I definitely hide that I’m trans in some areas. For example, if I go for a job interview I don’t tell them, but it’s definitely given me more social opportunities through queer clubs and LGBT youth groups. In more professional aspects it’s still a difficult subject. I’ve only seen myself represented when I went looking for it. I think there’s more now, but I first recognised myself in a book called ‘The Art of Being Normal.’ It follows one binary female to male and one binary male to female person and is a YA novel on top of that. I’ve noticed that there is more representation now than when I was coming out. Then, there wasn’t much to notice unless you went looking for it.

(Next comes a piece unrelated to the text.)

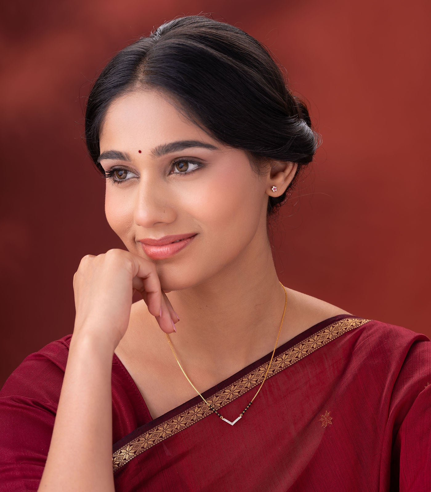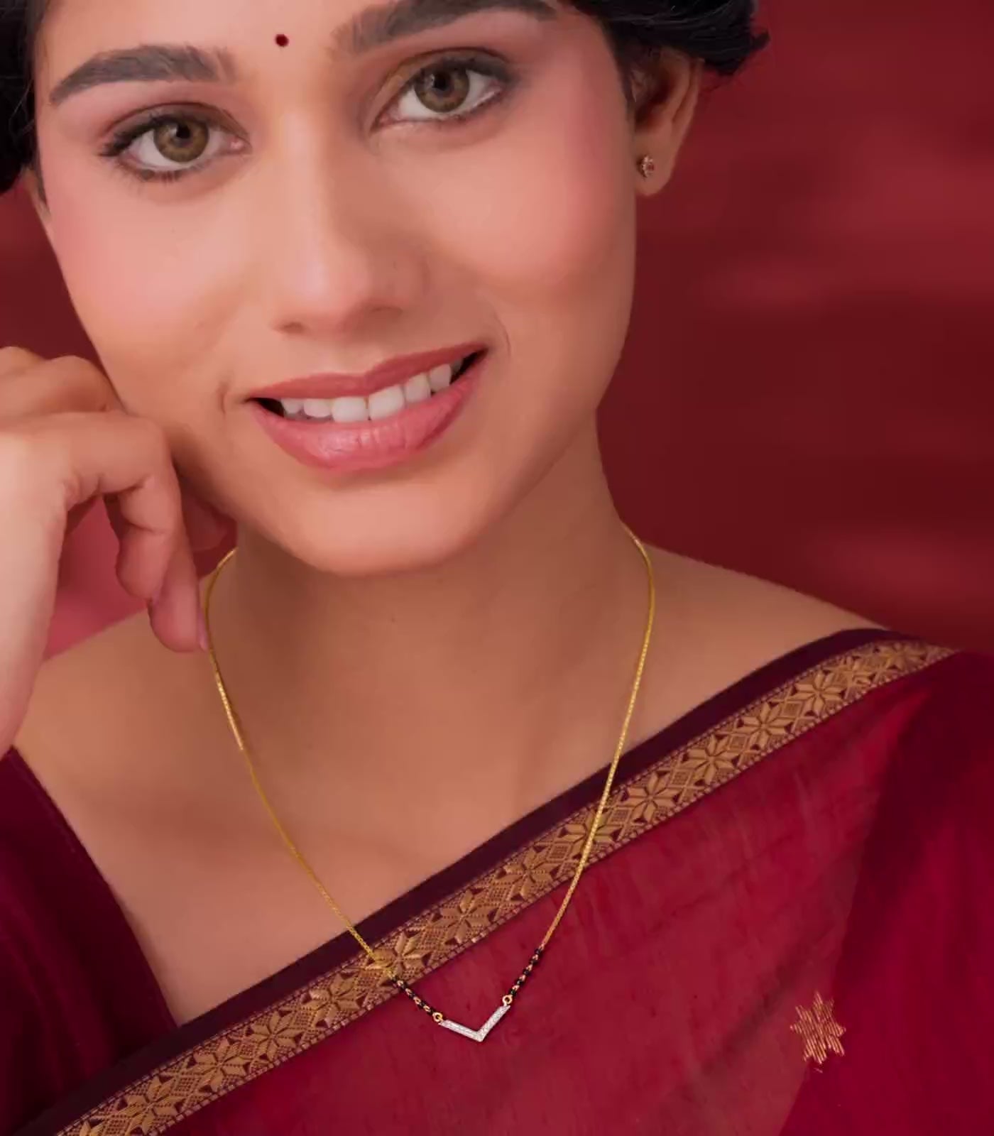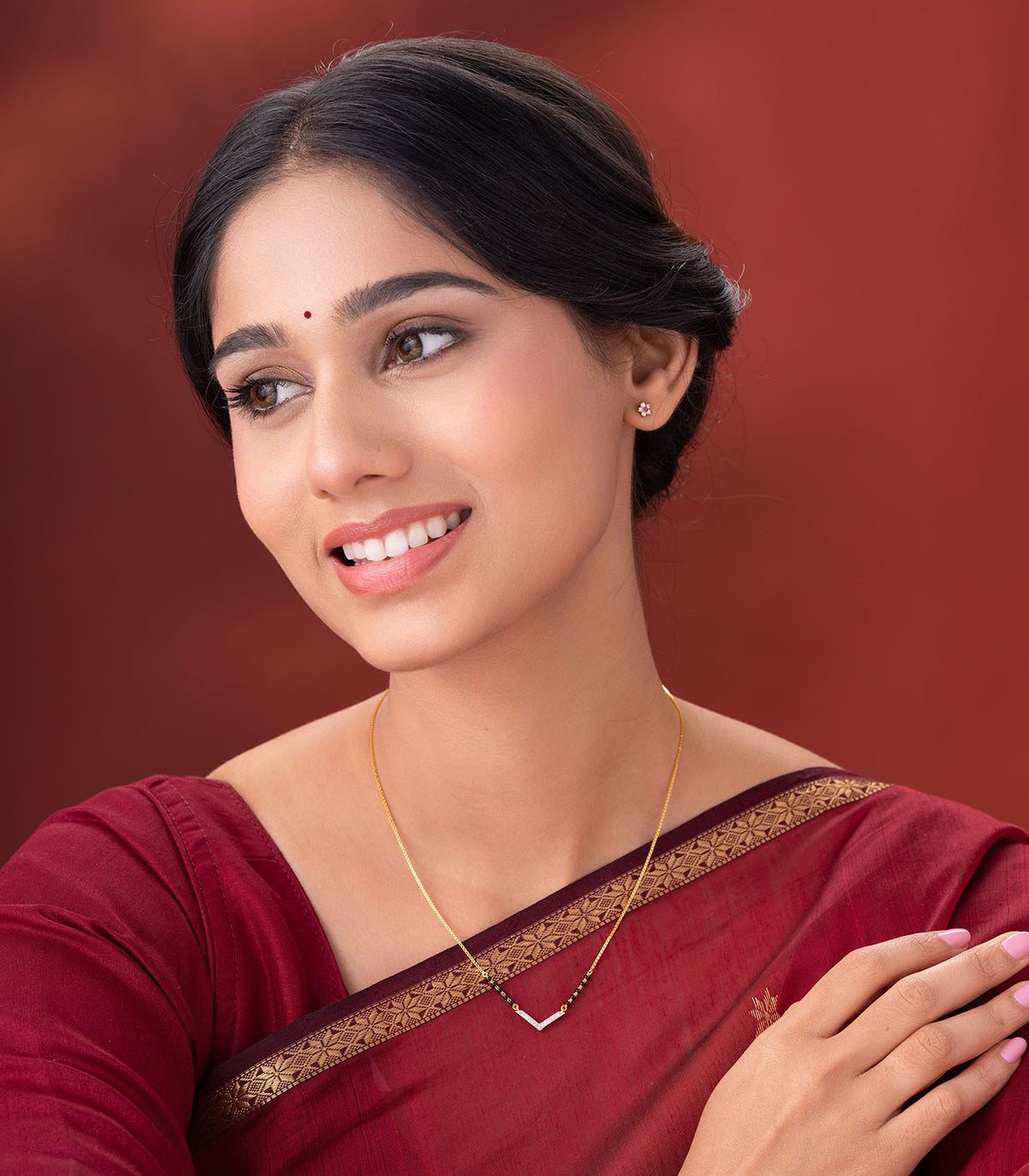 - Chain: Classic black-bead mangalsutra with fine gold links

I know some people think that passing is redundant and that you shouldn’t need to but in the same way that I think coming out is a statement of fact, for some people it’s important to them. To say that passing is a transphobic notion completely ignores the feeling of the binary and non-binary people who feel it is important to their transition. People need to transition enough to alleviate their dysphoria. People who don’t like the term passing, perhaps certain types of transition is enough to alleviate their gender dysphoria and for some people it's not. They need all the surgeries, to go stealth otherwise they would still feel dysphoric but for some people social transition is enough it’s a spectrum. There is a lot of focus on how you don’t need to pass and that’s fine for some people, but some people really do. Good on the people who don’t feel that passing is important, is a big factor in alleviating their dysphoria or helping them live their life as they want to, but some people really do. I guess that’s where the differences come from.
Some people really like labels because they help them figure out their own identity and some people really don’t because it constricts them. The only danger with ‘Queer’ is shoehorning people who don’t identify with queer into one umbrella because I know just as with shoehorning people into any identity some people will identify with it and some will not. Some people have negative experiences with the word Queer. There is the danger, especially with the older members of the LGBT community who might have had it used as a slur against them, of labelling them as something that makes them uncomfortable. But as we get comfortable with the word Queer in a non-derogatory way, it is getting reclaimed. As it is in that transition period from a slur to an identity again there’s the danger of fucking up on both sides.
This is just a thought, but why are people more offended when you get their dogs pronouns wrong than when you get their child’s pronouns wrong? Have the same energy for your loved ones. No one is forcing you to change how you are being, it’s for someone else. A lot of trans activism in general is asking people to please just be kind and supportive to help other people in the long run. It doesn’t have to be at the forefront of your mind all the time. It’s more about respect rather than having to learn everything. If respect means doing a little bit of background research, then that’s fair enough.